Elle estime également que le manquement relatif au code de conduite n’est pas constitué. En effet, l’entreprise s’est appliquée à prescrire, dans un ensemble de documents interdépendants, les comportements attendus de ses collaborateurs en indiquant les prescriptions visant à prohiber la corruption, le trafic d’influence, l’octroi abusif de cadeaux ou d’avantages divers, les paiements de facilitation, les conflits d’intérêts ainsi que les règles à observer en matière de concurrence loyale et de procédures comptables. Par ailleurs, l’entreprise est en train de compléter ce dispositif par l’établissement de nouvelles préconisations écrites portant sur le risque de cybersécurité, l’inclusion sociale propice à éviter des atteintes à la probité, les questions d’embargo-pays et que plusieurs de ses filiales ont déjà décliné.

 

Le grief relatif à la procédure d’évaluation des tiers est évacué, dès lors, notamment, que l’entreprise s’est bien dotée de procédures et d’outils différenciés concernant ses principaux clients ou fournisseurs à risque, de règles d’encadrement de ses relations avec les intermédiaires et a mis en place un dispositif spécifique pour réaliser des diligences raisonnables en cas d’acquisition de sociétés.

 

Sur le grief relatif aux procédures de contrôle comptable, il est relevé que l’entreprise dispose désormais de procédures de contrôle comptable, à la fois internes et externes, qui concourent effectivement à la prévention des risques de corruption décrits dans sa cartographie des risques et qu’en conséquence le manquement invoqué n’est pas établi.

 

Enfin, concernant le dispositif de contrôle et d’évaluation interne des mesures mises en œuvre, la commission relève notamment que, tenant compte de la critique formulée par le directeur de l’Agence, la direction de l’audit de l’entreprise, dont l’indépendance est affirmée dans la charte de gouvernance, a été rattachée en janvier 2019 à la direction générale du groupe afin de conforter cette indépendance.
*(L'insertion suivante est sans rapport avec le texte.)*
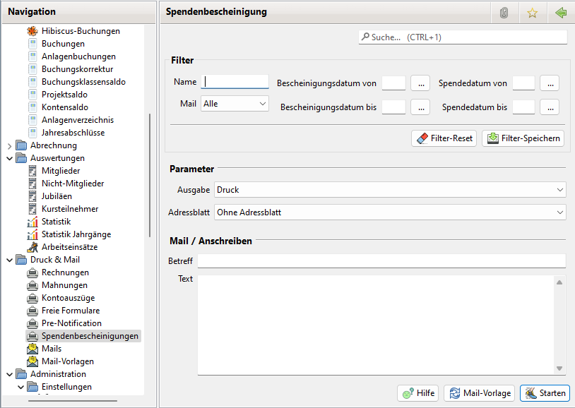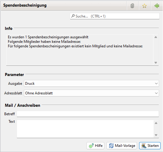 Durch Klick auf den Starten Button werden die Spendenbescheinigungen an die Mitglieder versendet bzw. gedruckt.
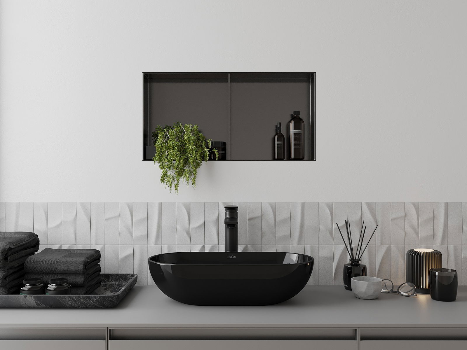 Mexen X-Wall-NR recessed shelf without flange with shelf 60 x 30 cm, brushed gun grey - 19E1603010S
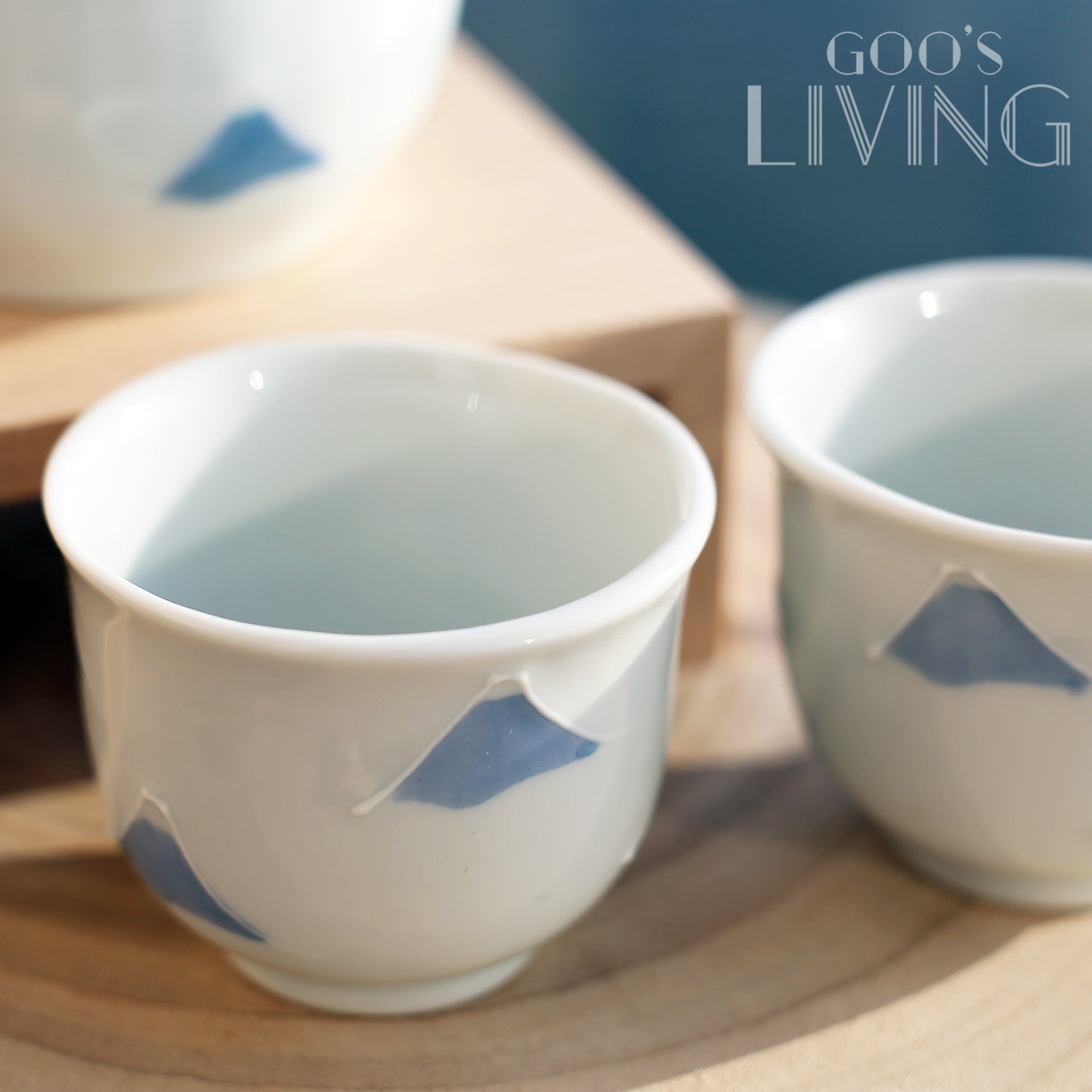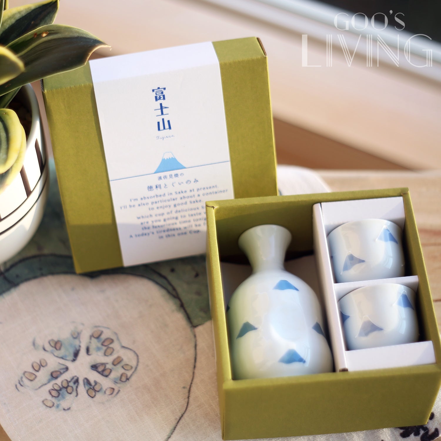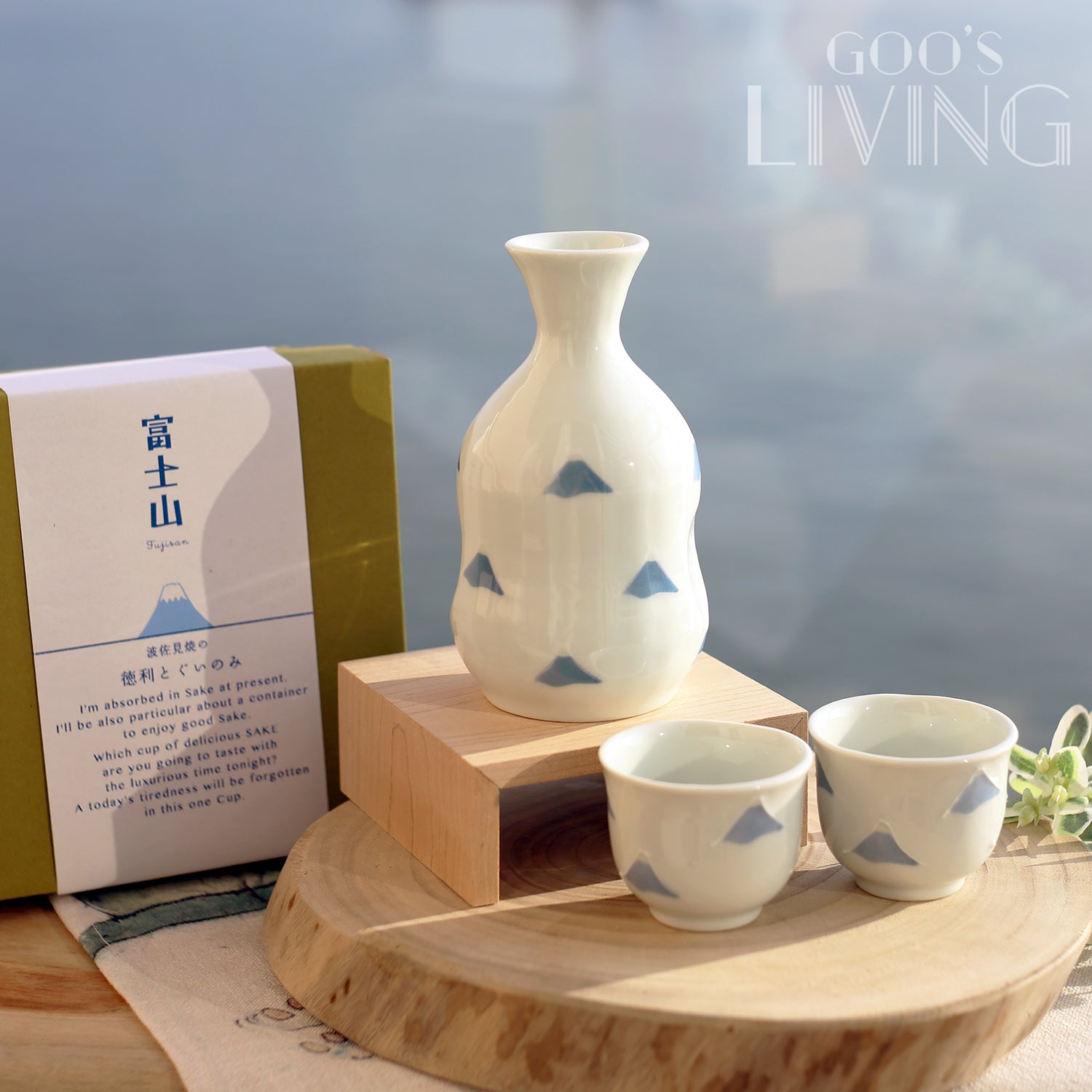 富士山是日本最重要的國家象徵,不少日本人或外國人都對富士山有著獨特的情感,故市面上有不少產品都以富士山為題,單是酒器款式已相當驚人。而這套波佐見燒的富士山清酒酒器就以簡約為主,純白色的瓶身搭配淡淡的水藍色,手繪的富士山圖案優雅別緻,加上瓶身的內凹設計讓人可輕鬆握著,其保溫功效更是喝熱清酒的首選,讓你小酌時猶如置身日本。富士山清酒酒器套裝包含酒瓶與2隻酒杯,均適用於家用微波爐及洗碗機。

En outre, les campagnes d’évaluation du dispositif de contrôle interne lancées en 2018 et 2019 intègrent l’évaluation des points de contrôle spécifiques aux risques de corruption qui ont été identifiés par l’entreprise. Dès lors, le manquement de défaut «d’un dispositif de contrôle et d’évaluation interne des mesures mises en œuvre» conforme à la prescription légale n’est pas établi.